Records from a data collection
------------------------
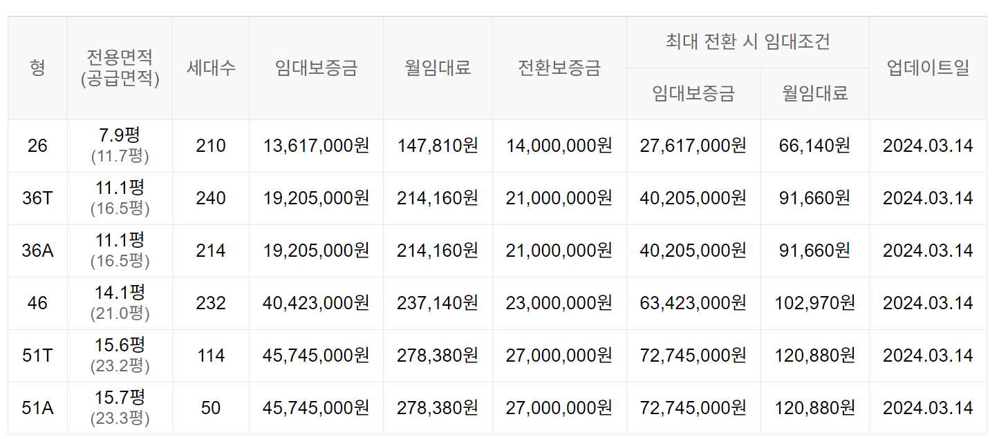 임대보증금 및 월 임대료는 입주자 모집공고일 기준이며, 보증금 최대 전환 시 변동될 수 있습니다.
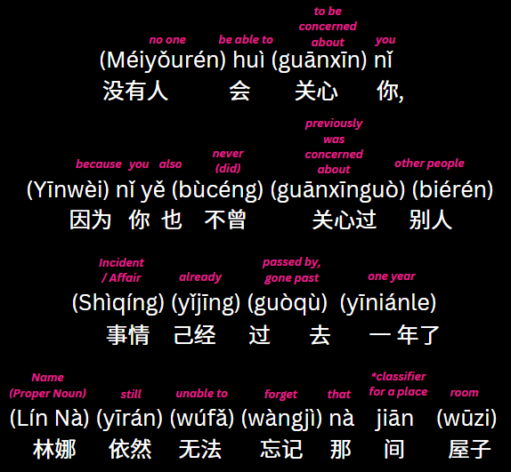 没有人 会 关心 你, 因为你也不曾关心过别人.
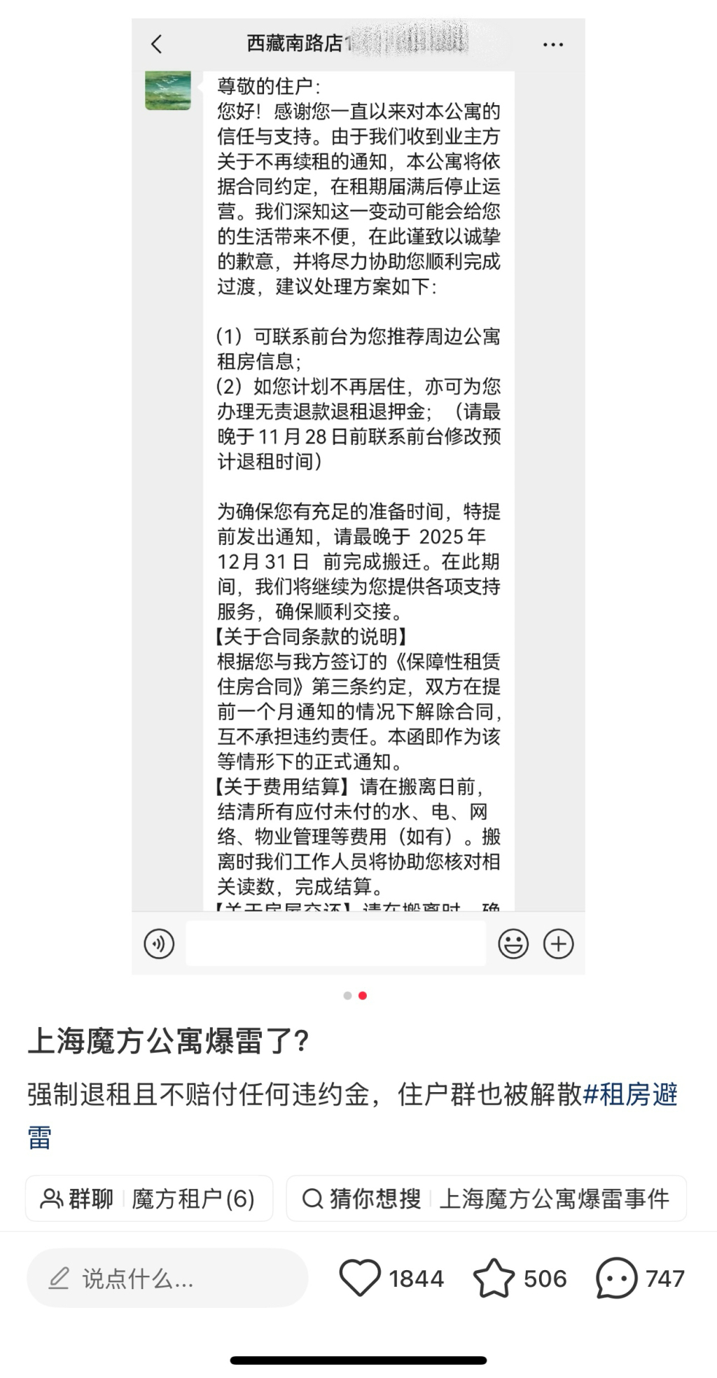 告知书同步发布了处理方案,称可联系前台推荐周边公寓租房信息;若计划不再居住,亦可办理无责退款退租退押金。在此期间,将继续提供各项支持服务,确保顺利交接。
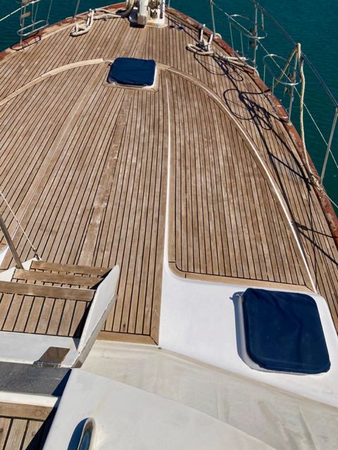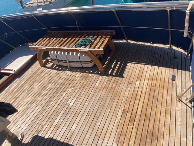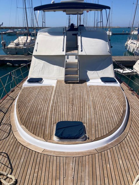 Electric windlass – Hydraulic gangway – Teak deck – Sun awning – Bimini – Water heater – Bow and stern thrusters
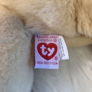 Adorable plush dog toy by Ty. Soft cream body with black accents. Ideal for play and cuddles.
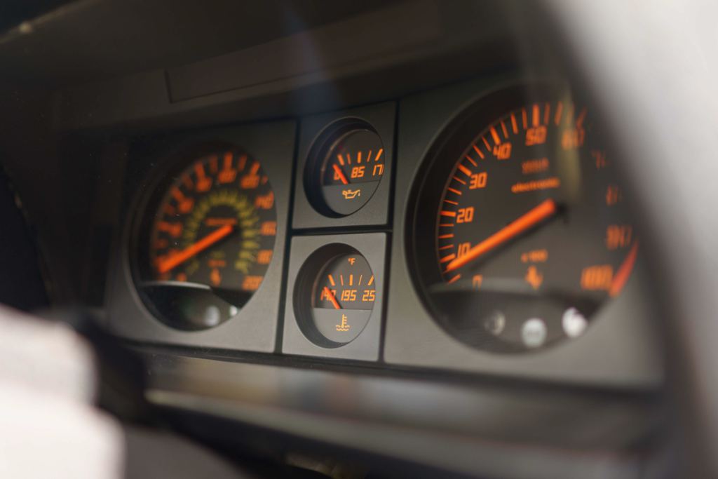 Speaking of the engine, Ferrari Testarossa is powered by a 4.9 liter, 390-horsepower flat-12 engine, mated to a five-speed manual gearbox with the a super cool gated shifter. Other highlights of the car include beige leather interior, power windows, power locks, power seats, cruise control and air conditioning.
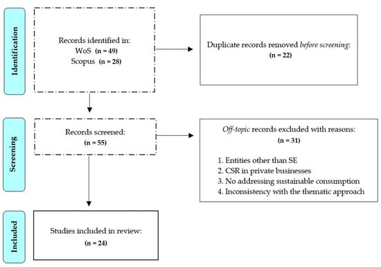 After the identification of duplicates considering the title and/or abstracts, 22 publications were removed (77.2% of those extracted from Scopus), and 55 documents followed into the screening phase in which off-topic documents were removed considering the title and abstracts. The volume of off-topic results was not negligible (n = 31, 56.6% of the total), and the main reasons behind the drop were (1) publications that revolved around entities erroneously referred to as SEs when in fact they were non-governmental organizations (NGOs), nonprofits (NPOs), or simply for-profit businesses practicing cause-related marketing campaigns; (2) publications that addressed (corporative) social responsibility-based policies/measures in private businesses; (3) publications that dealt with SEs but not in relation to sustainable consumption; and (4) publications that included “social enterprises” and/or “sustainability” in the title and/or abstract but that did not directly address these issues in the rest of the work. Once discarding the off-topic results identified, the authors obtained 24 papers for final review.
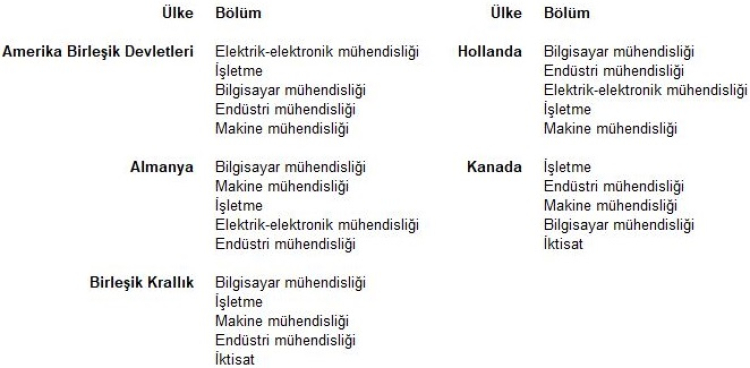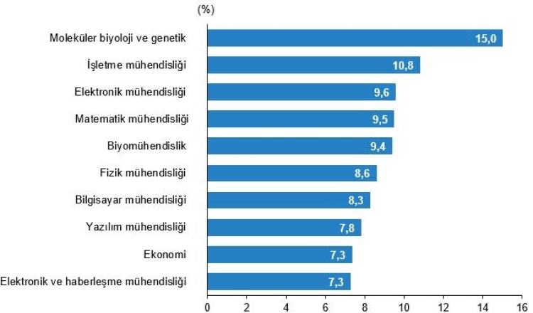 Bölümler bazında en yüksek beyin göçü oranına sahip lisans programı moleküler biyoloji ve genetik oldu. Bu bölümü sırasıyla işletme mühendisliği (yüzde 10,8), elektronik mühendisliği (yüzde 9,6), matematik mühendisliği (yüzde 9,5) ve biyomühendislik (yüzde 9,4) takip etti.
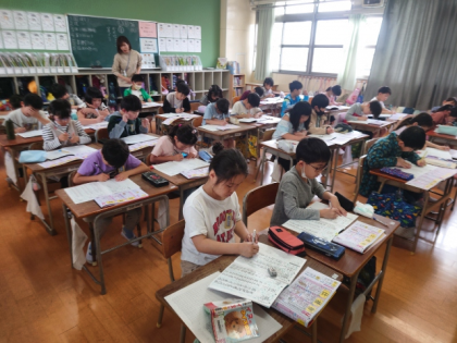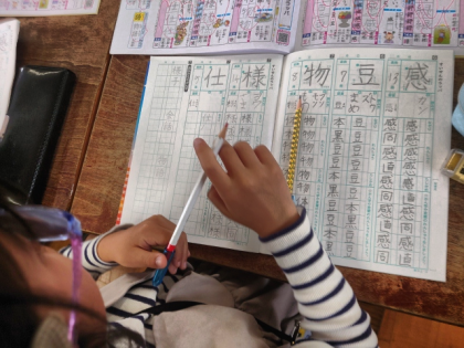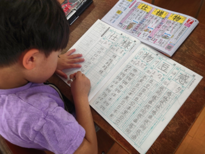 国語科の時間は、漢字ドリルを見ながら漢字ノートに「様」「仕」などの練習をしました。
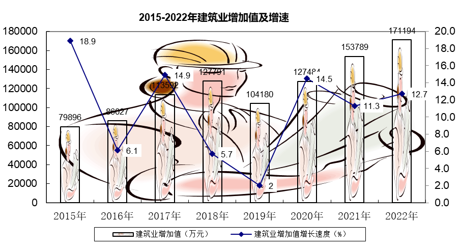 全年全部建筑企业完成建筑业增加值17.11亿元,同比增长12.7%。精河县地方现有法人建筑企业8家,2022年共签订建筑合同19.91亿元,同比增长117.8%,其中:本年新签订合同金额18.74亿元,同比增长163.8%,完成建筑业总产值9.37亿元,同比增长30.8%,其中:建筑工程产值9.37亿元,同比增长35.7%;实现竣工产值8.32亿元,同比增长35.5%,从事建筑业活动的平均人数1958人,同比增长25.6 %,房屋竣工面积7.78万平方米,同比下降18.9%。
------------------------
» What the exercise asks: Keep the pictures out of your copy, and repeat every entry above exactly.

» Solution to this problem:
 임대보증금 및 월 임대료는 입주자 모집공고일 기준이며, 보증금 최대 전환 시 변동될 수 있습니다.
 没有人 会 关心 你, 因为你也不曾关心过别人.
 告知书同步发布了处理方案,称可联系前台推荐周边公寓租房信息;若计划不再居住,亦可办理无责退款退租退押金。在此期间,将继续提供各项支持服务,确保顺利交接。
 Electric windlass – Hydraulic gangway – Teak deck – Sun awning – Bimini – Water heater – Bow and stern thrusters
 Adorable plush dog toy by Ty. Soft cream body with black accents. Ideal for play and cuddles.
 Speaking of the engine, Ferrari Testarossa is powered by a 4.9 liter, 390-horsepower flat-12 engine, mated to a five-speed manual gearbox with the a super cool gated shifter. Other highlights of the car include beige leather interior, power windows, power locks, power seats, cruise control and air conditioning.
 After the identification of duplicates considering the title and/or abstracts, 22 publications were removed (77.2% of those extracted from Scopus), and 55 documents followed into the screening phase in which off-topic documents were removed considering the title and abstracts. The volume of off-topic results was not negligible (n = 31, 56.6% of the total), and the main reasons behind the drop were (1) publications that revolved around entities erroneously referred to as SEs when in fact they were non-governmental organizations (NGOs), nonprofits (NPOs), or simply for-profit businesses practicing cause-related marketing campaigns; (2) publications that addressed (corporative) social responsibility-based policies/measures in private businesses; (3) publications that dealt with SEs but not in relation to sustainable consumption; and (4) publications that included “social enterprises” and/or “sustainability” in the title and/or abstract but that did not directly address these issues in the rest of the work. Once discarding the off-topic results identified, the authors obtained 24 papers for final review.
 Bölümler bazında en yüksek beyin göçü oranına sahip lisans programı moleküler biyoloji ve genetik oldu. Bu bölümü sırasıyla işletme mühendisliği (yüzde 10,8), elektronik mühendisliği (yüzde 9,6), matematik mühendisliği (yüzde 9,5) ve biyomühendislik (yüzde 9,4) takip etti.
 国語科の時間は、漢字ドリルを見ながら漢字ノートに「様」「仕」などの練習をしました。
 全年全部建筑企业完成建筑业增加值17.11亿元,同比增长12.7%。精河县地方现有法人建筑企业8家,2022年共签订建筑合同19.91亿元,同比增长117.8%,其中:本年新签订合同金额18.74亿元,同比增长163.8%,完成建筑业总产值9.37亿元,同比增长30.8%,其中:建筑工程产值9.37亿元,同比增长35.7%;实现竣工产值8.32亿元,同比增长35.5%,从事建筑业活动的平均人数1958人,同比增长25.6 %,房屋竣工面积7.78万平方米,同比下降18.9%。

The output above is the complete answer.